Scientific injection moulding – part 2
First, read Scientific injection moulding – part 1.
In part 1 of this article we described the three initial steps of the Scientific Injection Moulding methodology, i.e. the basics of how to fill the cavities with the polymer melt. In this part we will see how to establish a process window with regards to melt temperature and packing pressure and what time we need for the packing and cooling phases in order to obtain a baseline for a stable process producing good quality parts.
4. Process window
When the phase of the process where the cavity is filled with plastic material is defined, it is now time to set the packing or holding pressure to make the plastic part resemble the tool steel geometry while the material solidifies and shrinks. The link between process and critical dimensions or other properties is now starting to become clear; known as the moulding area diagram, or MAD window. There will always be a difference between the part and the steel due to a linear shrinkage factor, but any other warpage or displacement can be considered as a defect and should be reduced to a minimum.
One initial target for the packing pressure is to aim for the theoretical weight of the part. However, as the density data from the plastic data sheet is only roughly stated, the final process window must be fine-tuned around verifiable data.
The process window for packing pressure and melt temperature can be derived from the conditions where sink marks in thick-walled sections, respectively flash at split lines, start to form.
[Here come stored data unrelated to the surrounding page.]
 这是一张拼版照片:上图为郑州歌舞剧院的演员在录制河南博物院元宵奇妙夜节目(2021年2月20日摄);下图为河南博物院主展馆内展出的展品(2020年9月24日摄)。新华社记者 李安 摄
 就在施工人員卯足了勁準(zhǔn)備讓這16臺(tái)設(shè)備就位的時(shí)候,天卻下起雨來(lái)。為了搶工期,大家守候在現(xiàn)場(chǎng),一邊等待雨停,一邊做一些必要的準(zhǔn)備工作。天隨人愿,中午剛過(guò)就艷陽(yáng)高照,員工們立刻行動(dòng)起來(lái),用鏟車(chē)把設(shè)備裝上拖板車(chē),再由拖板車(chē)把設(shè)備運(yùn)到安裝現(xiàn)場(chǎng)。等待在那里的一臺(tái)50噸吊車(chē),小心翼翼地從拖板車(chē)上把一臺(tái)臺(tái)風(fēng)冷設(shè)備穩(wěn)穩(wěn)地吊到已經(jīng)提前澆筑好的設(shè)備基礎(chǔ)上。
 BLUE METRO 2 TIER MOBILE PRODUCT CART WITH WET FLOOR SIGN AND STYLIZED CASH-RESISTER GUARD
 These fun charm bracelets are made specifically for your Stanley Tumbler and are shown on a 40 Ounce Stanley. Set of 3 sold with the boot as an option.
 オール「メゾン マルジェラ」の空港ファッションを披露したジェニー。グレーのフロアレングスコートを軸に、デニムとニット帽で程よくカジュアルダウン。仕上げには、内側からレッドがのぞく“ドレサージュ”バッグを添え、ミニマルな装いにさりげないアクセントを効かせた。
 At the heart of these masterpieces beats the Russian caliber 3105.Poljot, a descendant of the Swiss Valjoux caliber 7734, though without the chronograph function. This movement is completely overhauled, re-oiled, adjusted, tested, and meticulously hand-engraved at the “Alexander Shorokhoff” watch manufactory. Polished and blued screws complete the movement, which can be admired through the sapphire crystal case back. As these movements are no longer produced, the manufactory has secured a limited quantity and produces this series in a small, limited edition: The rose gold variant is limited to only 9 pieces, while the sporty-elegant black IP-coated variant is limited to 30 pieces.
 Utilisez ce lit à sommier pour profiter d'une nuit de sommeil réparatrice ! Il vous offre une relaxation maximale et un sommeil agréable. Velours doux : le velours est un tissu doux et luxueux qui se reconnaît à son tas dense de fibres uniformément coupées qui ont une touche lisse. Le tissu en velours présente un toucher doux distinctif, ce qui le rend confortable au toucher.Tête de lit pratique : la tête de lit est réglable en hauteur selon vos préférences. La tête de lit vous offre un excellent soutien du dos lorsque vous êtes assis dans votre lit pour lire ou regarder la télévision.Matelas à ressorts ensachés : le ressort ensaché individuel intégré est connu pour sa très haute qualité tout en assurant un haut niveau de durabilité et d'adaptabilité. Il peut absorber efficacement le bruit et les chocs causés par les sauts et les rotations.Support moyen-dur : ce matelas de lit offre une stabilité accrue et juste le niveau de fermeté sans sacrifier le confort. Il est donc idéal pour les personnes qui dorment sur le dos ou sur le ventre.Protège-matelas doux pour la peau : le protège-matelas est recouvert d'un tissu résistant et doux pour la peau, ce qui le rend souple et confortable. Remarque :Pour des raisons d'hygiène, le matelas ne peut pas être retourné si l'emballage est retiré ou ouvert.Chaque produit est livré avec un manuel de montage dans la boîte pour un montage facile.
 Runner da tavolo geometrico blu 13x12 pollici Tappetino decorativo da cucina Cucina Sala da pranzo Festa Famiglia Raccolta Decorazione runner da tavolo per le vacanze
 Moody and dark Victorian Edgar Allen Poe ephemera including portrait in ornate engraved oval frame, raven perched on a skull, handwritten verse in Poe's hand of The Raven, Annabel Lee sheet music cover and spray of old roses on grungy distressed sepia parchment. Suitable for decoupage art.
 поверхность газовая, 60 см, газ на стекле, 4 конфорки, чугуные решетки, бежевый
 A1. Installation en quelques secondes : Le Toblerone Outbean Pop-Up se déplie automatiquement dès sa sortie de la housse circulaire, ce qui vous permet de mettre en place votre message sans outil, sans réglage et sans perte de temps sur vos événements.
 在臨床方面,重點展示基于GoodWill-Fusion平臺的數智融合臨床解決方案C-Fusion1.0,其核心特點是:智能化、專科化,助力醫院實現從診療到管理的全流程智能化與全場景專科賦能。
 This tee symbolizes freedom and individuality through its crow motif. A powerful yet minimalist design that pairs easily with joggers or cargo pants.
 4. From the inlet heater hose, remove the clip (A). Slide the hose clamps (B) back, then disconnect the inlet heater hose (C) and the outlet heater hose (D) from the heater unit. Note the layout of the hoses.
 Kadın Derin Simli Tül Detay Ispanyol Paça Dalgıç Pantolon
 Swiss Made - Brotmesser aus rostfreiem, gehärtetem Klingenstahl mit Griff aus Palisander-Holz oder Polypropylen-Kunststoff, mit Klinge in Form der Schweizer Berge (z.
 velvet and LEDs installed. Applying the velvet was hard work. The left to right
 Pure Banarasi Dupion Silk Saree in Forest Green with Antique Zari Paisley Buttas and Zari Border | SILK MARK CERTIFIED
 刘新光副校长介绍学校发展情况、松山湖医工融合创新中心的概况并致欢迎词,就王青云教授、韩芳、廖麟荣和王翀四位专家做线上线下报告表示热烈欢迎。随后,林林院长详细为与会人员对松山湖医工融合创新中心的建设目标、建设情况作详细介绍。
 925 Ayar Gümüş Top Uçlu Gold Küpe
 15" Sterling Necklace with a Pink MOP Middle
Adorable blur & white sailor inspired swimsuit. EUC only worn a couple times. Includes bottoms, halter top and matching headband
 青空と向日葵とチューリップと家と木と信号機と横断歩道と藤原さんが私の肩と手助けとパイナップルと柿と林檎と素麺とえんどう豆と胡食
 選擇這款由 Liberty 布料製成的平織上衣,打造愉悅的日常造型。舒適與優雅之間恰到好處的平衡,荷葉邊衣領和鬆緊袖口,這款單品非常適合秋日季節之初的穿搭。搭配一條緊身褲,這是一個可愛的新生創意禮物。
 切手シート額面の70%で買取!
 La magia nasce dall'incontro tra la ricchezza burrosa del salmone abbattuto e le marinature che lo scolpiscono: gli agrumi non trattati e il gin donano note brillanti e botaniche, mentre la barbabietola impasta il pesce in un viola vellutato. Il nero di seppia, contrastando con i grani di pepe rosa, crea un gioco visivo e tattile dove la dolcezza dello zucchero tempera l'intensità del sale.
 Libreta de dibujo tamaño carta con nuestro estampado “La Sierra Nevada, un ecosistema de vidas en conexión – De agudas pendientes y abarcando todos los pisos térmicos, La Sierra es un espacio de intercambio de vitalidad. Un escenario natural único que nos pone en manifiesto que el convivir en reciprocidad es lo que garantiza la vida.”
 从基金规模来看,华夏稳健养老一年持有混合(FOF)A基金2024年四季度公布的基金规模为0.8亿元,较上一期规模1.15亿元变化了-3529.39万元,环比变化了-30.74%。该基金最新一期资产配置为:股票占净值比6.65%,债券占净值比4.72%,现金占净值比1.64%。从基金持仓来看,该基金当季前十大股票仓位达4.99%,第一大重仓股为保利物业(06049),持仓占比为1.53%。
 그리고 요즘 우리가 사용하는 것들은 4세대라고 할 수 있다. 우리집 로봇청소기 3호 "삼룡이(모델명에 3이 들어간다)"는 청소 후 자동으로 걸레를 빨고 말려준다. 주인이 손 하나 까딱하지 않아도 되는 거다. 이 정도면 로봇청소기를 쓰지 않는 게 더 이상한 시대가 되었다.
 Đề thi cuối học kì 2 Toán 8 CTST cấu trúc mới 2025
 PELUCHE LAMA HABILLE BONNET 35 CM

5. Holding pressure time – gate seal study
Besides the actual level of packing pressure, the holding phase is also defined by its length in time. The practice to find this needed time is often referred to as a gate seal study. The holding phase of the moulding process should, in theory, compensate for the shrinkage of the material in the cavity as the part goes from liquid to solid. This compensation can be done up to the point where the gate is frozen and no more material can be pressed into the cavity. Note that in combination with a hot runner the gate never completely seals. The essence of this important step is however to establish the proper holding time until no more material is required.
The standard procedure for this step is to measure the weight of the parts moulded at a constant holding pressure, with increasing holding time and to plot the results in a graph. Where the graph is starting to flatten out, the gate, including most of the part, can be regarded as solid and the optimum hold pressure time can be estimated. For demanding applications it can be recommended to add a margin to the holding pressure time.
6. Fine-tuning cooling – Cooling study
The cooling phase of the process cycle has until now been set to a good-enough time based on a moulding simulation study or from experience. During the previous five steps in the setup process, the goal of each individual step has been to optimize the process for its ability to produce consistent quality over time, without focusing too much on the quality of the part itself. The logic behind this approach is of course that the process has to be fairly optimized before any decisions are made to adjust tool dimensions or any other adjustment with impact on the part that may be very costly to adjust.
During the final step in the 6-step process setup the cooling time will be optimized according to actual part dimensions. Preferably two large dimensions are evaluated at different cooling times and when both dimensions show stability at acceptable values, in regards to nominal value and tolerances, the cooling time can be defined.
We have in two articles described a well-established and accepted procedure to develop and document the setup of a moulding process according to scientific principles.
Although Scientific Injection Moulding may not always solve each process problem, the process derived from this methodology gives you a well-defined starting point for further problem solving. Good luck!